Ever since noon a carpenter had been cutting up wood and asking himself with amazement what was going to be done with all these planks sawn up into little bits, and why one should destroy so much good merchandise. This wood was piled up in a cart which went along through side streets as far as the beach, without arousing the suspicion of belated persons who might meet it. It went along on the shingle at the foot of the cliff, and having dumped its contents on the beach the three Indian servants began to build a funeral pile, a little longer than it was wide. They worked alone, for no profane hand must aid in this solemn duty.

It was one o’clock in the morning when the relations of the deceased were informed that they might accomplish their part of the work.

The door of the little house they occupied was open, and we perceived, lying on a stretcher in the small, dimly lighted vestibule the corpse covered with white silk. We could see him plainly as he lay stretched out on his back, his outline clearly defined beneath this white veil.

The East Indians, standing at his feet, remained motionless, while one of them performed the prescribed rites, murmuring unfamiliar words in a low, monotonous tone. He walked round and round the corpse; touching it occasionally, then, taking an urn suspended from three slender chains, he sprinkled it for some time with the sacred water of the Ganges, that East Indians must always carry with them wherever they go.

Then the stretcher was lifted by four of them who started off at a slow march. The moon had gone down, leaving the muddy, deserted streets in darkness, but the body on the stretcher appeared to be luminous, so dazzlingly white was the silk, and it was a weird sight to see, passing along through the night, the semi-luminous form of this corpse, borne by those men, the dusky skin of whose faces and hands could scarcely be distinguished from their clothing in the darkness.

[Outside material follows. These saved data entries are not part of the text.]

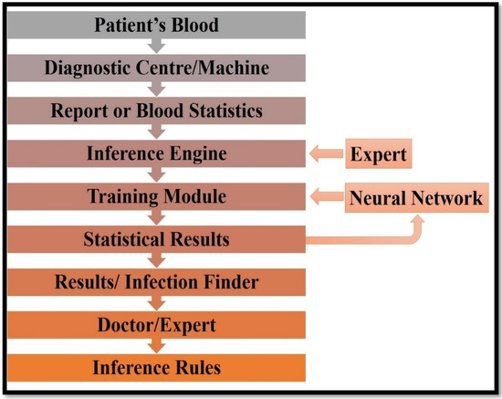 The proposed model is an Intelligent Automated System that takes a patient’s blood report from a diagnostic centre and applies fuzzy rules, a database, and a neural network to it. Fuzzy rules imply that the inference engine retrieves the blood report parameters and recognizes new infections, and how neural networks operate is when a new case is received, the neural network learns the new rules and cases.
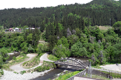 | 温泉の近くに流れる川。水力発電所と同じ頃出来たと思われるコンクリートのアーチ橋がある。永瀬橋、昭和36年竣工。この橋が新潟と長野の県境。 |
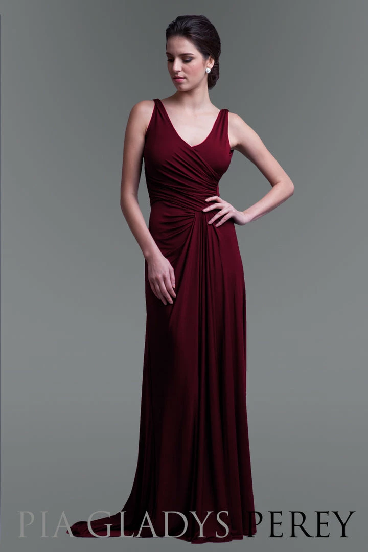 The Krestta features a deep-V neckline, an overlapping draped bodice, a low back, and an a-line skirt gathered at the waist with a slight train. Wear it with a gorgeous blow-out for a red-carpet ready look. Model is wearing Krestta in Navy.
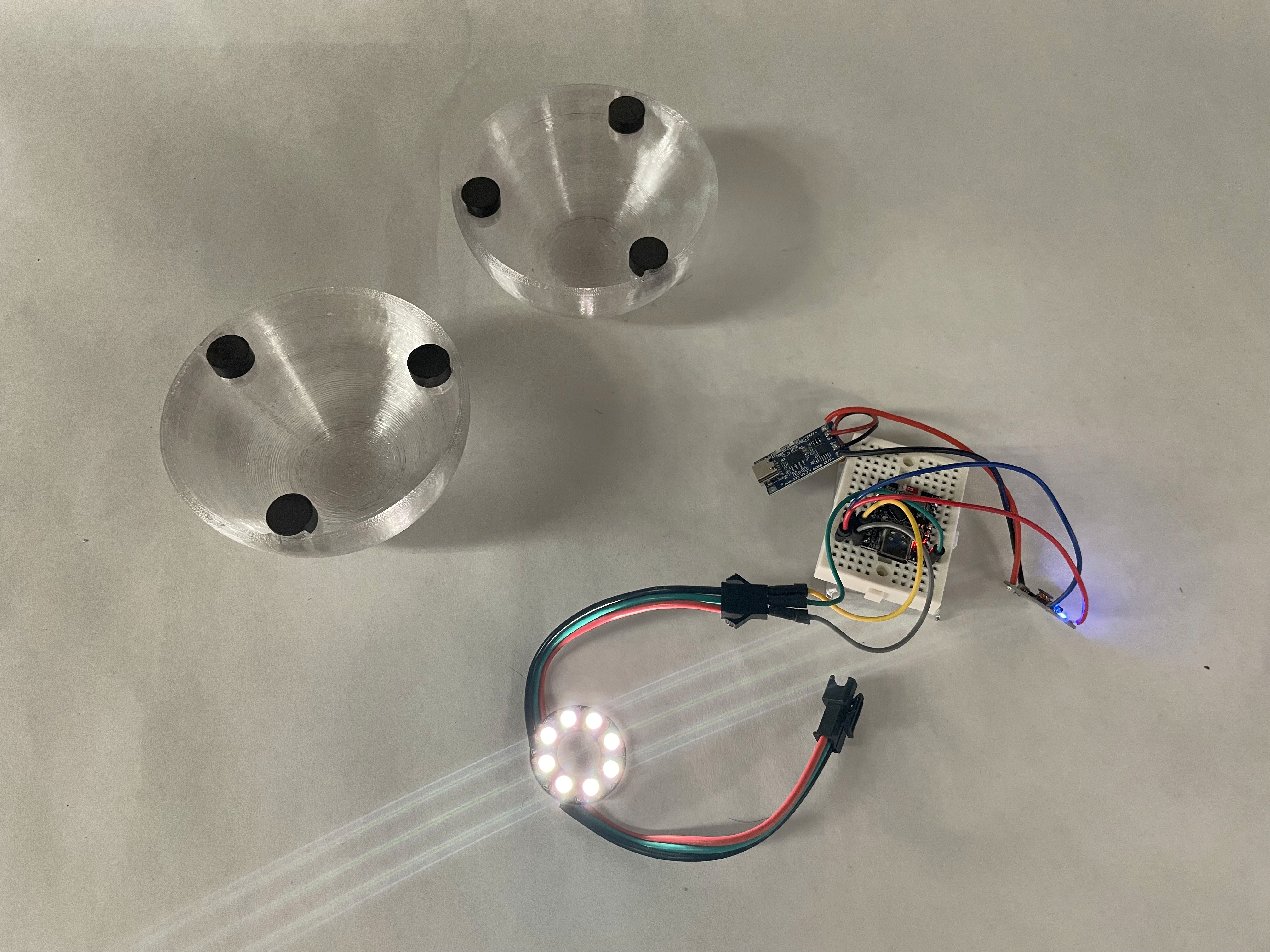 Using a ToF infrared distance sensor, I measured proximity as the primary input, allowing the lantern to respond dynamically as users approached. Multiple ESP microcontrollers(ESP-WROOM-32 and ESP-C3) were programmed and connected wirelessly via ESP-NOW to support modularity and compactness.
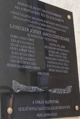 Szombaton került sor Pápán, e tetszhalotti állapotából idén feltámadó repülővárosban az Első Repülő Baráti Találkozóra A rég nem látott ismerősök boldog viszontlátásának szándéka mellett a találkozó szervezői emléket állítottak a helyi, 2000-2001-ben felszámolt 47. repülőezredben, szolgálatteljesítés közben életüket vesztett 16 hajózónak. A táblára felkerült az alakulat utolsó parancsnokának, Lanecker József ezredesnek is a neve, aki már 2003-ban, más beosztásban vesztette életét egy Jak-52-es katasztrófában.
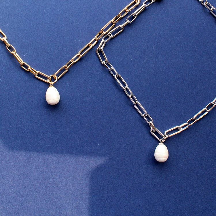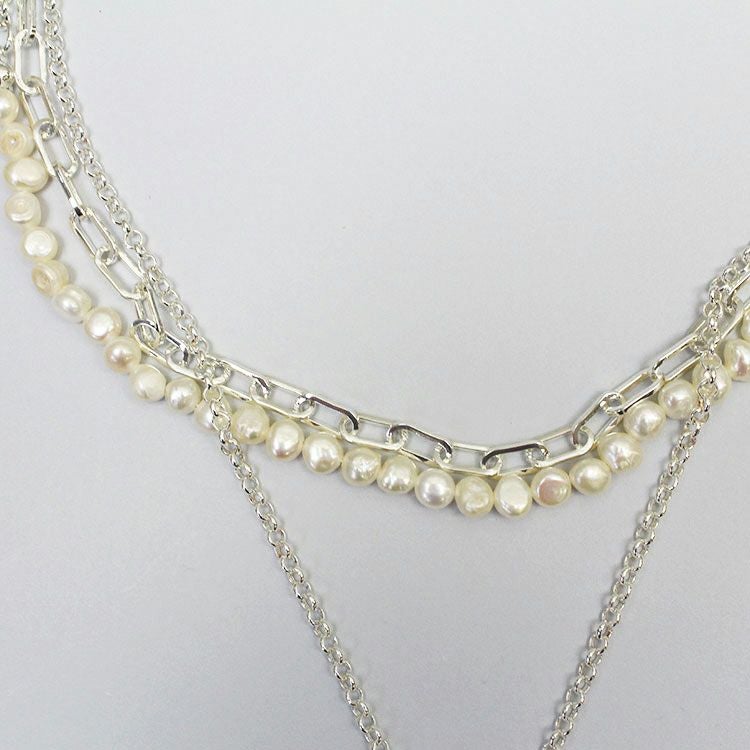 淡水パール×チェーン×ハートペンダント3連ショートネックレス/1240209
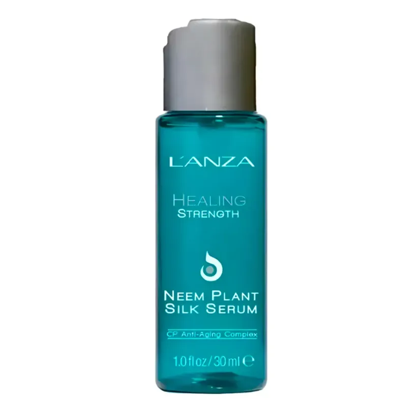 O L'ANZA Healing Strength Neem Plant Silk Serum - Sérum Capilar 30ml é um sérum capilar da linha Healing Strength da L'ANZA, marca reconhecida por produtos de cuidado capilar premium. Formulado para fortalecer e restaurar cabelos frágeis, combina extratos botânicos e peptídeos, oferecendo brilho intenso e suavidade sem pesar. Ideal para todos os tipos de cabelo, especialmente os danificados, é perfeito para cuidados diários, eventos sofisticados, outono e inverno. O frasco de 30ml, com design prático, é reciclável e ideal para uso doméstico ou viagens.
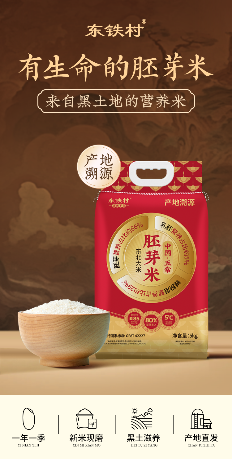 拓高 东铁村东北黑土地鲜活胚芽米5kg/袋【周日不发货】

Behind the corpse came three Indians, and then, a full head taller than themselves and wrapped in an ample traveling coat of a soft gray color, appeared the outline of an Englishman, a kind and superior man, a friend of theirs, who was their guide and counselor in their European travels.

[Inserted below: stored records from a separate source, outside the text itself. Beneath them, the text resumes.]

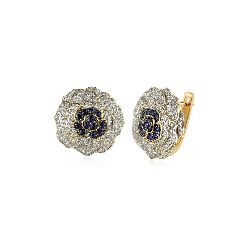 Złote Kolczyki Szafir Diamenty pr 585 Angielskie ( NA ZAMÓWIENIE )
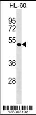 DBNL Antibody (C-term) (Cat. APR15690G) western blot analysis in HL-60 cell line lysates (35ug/lane).This demonstrates the DBNL antibody detected the DBNL protein (arrow). |
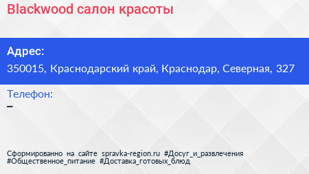 Blackwood, салон красоты по адресу 350015, Краснодарский край, Краснодар, Северная, 327 в дальнейшем Организация, размещена в следующих категориях:
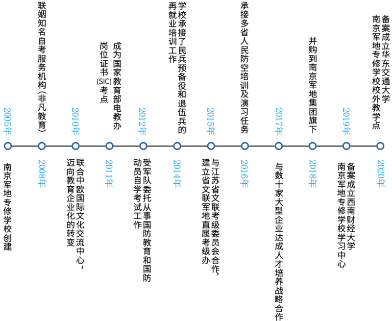 南京军地专修学校于2005年6月经南京市雨花台区教育局批准成立。学校以“质量立校、特色兴校”为办学理念,以“为区域经济建设和社会发展服务”为办学定位,专注于继续教育、国防教育和党建理论教育,努力打造具有军地特色行业领先的专修学校。目前已培养学员数万名,为城市经济建设和社会发展作出了贡献。
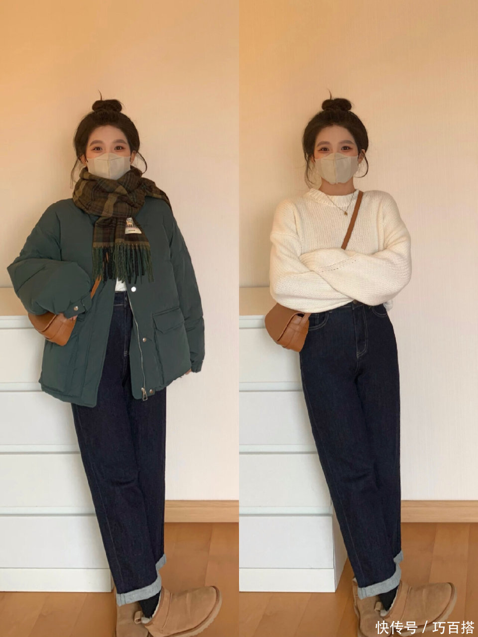 一是不错从配色高下手,红色绿色首当其冲,博主身上这类米黄色竭诚毛衣也能径直码住。

Beneath the cold, misty sky of this little northern beach I felt as if I were taking part in a sort of symbolical drama. It seemed to me that they were carrying there, before me, the conquered genius of India, followed, as in a funeral procession, by the victorious genius of England robed in a gray ulster.

On the shingly beach the four bearers halted a few moments to take breath, and then proceeded on their way. They now walked quickly, bending beneath the weight of their burden. At length they reached the funeral pile. It was erected in an indentation, at the very foot of the cliff, which rose above it perpendicularly a hundred meters high, perfectly white but looking gray in the night.

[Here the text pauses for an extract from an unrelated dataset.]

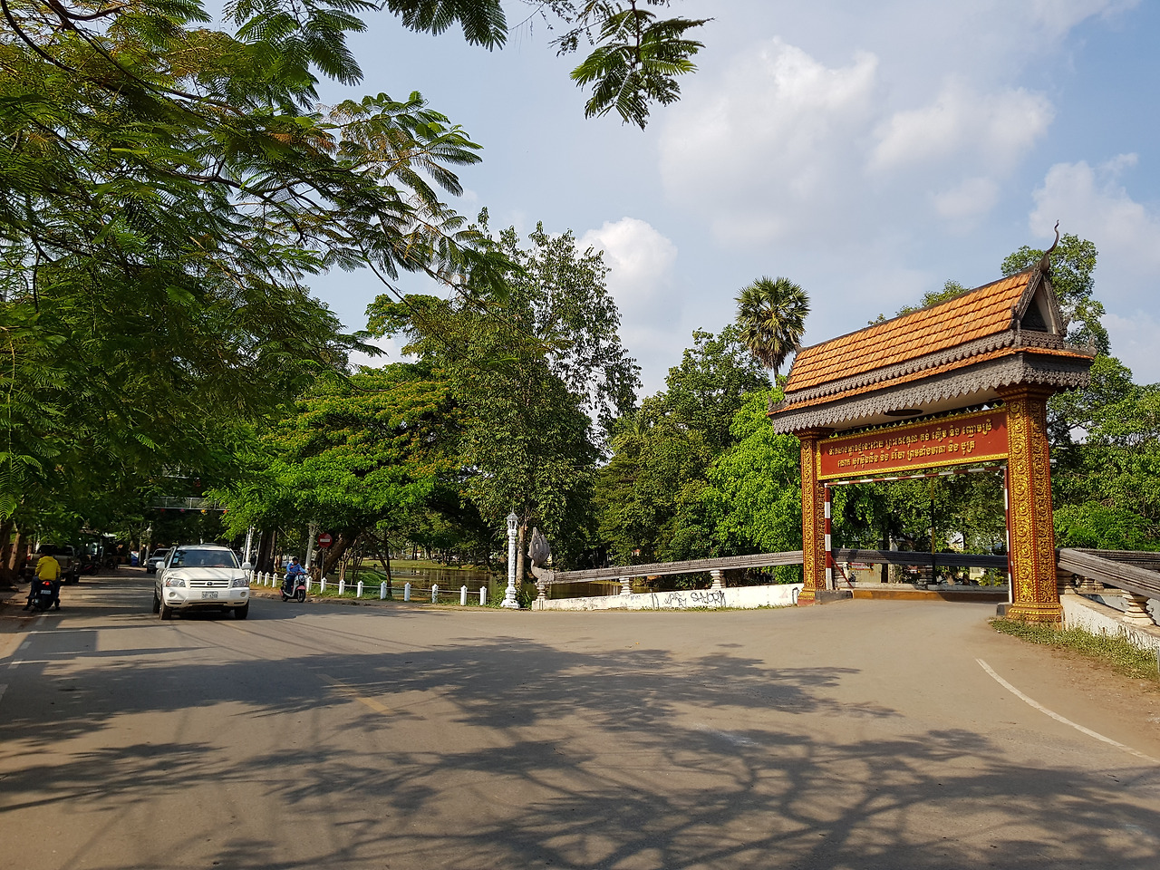 호텔을 나온 나는 천천히 뛰기 시작했다. 37도의 무더위에 페이스 조절 없이 처음부터 빨리 뛰다가는 중간에 어떻게 될지 몰라 오늘은 시간에 구애받지 말고 뛰기로 했다. 먹는 물은 앙코르왓 가는 길 노점에서 많이 팔기에 걱정은 덜었다. 호텔에서 앙코르왓 입구인 서쪽 해자 까지는 6.5km. 씨엠립 시내는 한낮 더위에 지쳤는지 거리는 한산하다.

The funeral pile was about three and a half feet high. The corpse was placed on it and then one of the Indians asked to have the pole star pointed out to him. This was done, and the dead Rajah was laid with his feet turned towards his native country. Then twelve bottles of kerosene were poured over him and he was covered completely with thin slabs of pine wood. For almost another hour the relations and servants kept piling up the funeral pyre which looked like one of those piles of wood that carpenters keep in their yards. Then on top of this was poured the contents of twenty bottles of oil, and on top of all they emptied a bag of fine shavings. A few steps further on, a flame was glimmering in a little bronze brazier, which had remained lighted since the arrival of the corpse.